Николай Негорев, или Благополучный россиянин | страница 24



Мужчин у нас почти совсем не бывало в доме, а если и бывал кто-нибудь по делам, то приезжал не к отцу, а к тетушке или управляющему. Между такими гостьями, которые пили чай не вприкуску и обедали вместе с теткой, я особенно отличал одну старушку, нашу дальнюю родственницу, ездившую к нам с своими двумя внучками — Олей и Аннушкой. Оля была рыжая и грызла себе ногти, и, чтобы отвадить ее от этой привычки, брат как-то начал бить ее линейкой по рукам, из-за чего произошел очень изрядный скандал. Аннушка была такая беленькая, хорошенькая девочка, с такими белыми волосами, что Федосья называла ее девушкой-снегурушкой. Чтобы позабавить девочек, с которыми, впрочем, брат обращался запросто, немного вежливее, чем с деревенскими мальчишками, мы устраивали игру в прятки. Я помню, как мы становились в круг и Аннушка, указывая своим розовым пальчиком, частила: «Ченчик, бренчик, бубенчик» — до тех пор, пока до кого-нибудь не доходили слова: «вон пошел». Я очень охотно брал себе этот жребий и, приготовляясь отыскивать прячущихся, смотрел только, куда спрячется беленькая Аннушка.
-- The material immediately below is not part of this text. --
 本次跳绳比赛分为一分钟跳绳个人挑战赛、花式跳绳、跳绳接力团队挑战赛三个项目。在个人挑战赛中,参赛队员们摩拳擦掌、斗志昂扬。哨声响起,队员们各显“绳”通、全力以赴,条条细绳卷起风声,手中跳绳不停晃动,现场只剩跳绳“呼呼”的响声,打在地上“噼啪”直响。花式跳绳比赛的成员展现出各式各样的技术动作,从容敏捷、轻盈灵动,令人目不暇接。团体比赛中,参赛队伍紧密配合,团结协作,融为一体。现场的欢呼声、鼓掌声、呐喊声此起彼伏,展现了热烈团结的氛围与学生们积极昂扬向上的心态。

— Что ты все меня ищешь, — шептала она, — ищи других; Андрюша залез в бочку, ищи его.

Я соглашался на эту маленькую фальшь и без труда находил моего любезного братца, перепачканным с ног до головы, в бочке из-под постного масла. Скоро, впрочем, Аннушку отправили куда-то в институт, и бабушка стала приезжать к нам с одной своей рыжей внучкой, которую я очень не любил, а брат просто терпеть не мог, и мы не вступали с ней ни в какие игры. Ольга, кажется, отвечала нам такими же чувствами.
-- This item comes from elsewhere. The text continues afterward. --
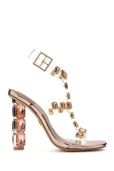 Kadın Pembe Bilekten Bantlı Taşlı İnce Topuklu Sandalet

В тот день, когда Андрей, неизвестно с какой целью, просверлил гвоздем теткину кипарисную ложку, у нас в гостях была Ольга со своей бабушкой. Ложка, сделавшаяся жертвой преступления, была вывезена из Иерусалима или с Афона и отличалась многочисленными симпатическими свойствами, так что, кушая ею, тетушка нимало не опасалась ни отравы, ни расстройства желудка. Словом, просверлить эту ложку было большим преступлением, и за обедом, когда шалость Андрея открылась, тетушка побледнела от досады; она не положила даже ложки и держала ее в руке до тех пор, пока в дыру не вылился весь зачерпнутый суп на скатерть. Андрей покраснел и начал озираться кругом, очевидно, намереваясь убежать от грозы.

— Это он, — он все портит, — смеясь, указала на него Ольга.

— Я знаю, — с угрозой пробормотала тетушка, поднимаясь со стула. — Это тебе даром не пройдет!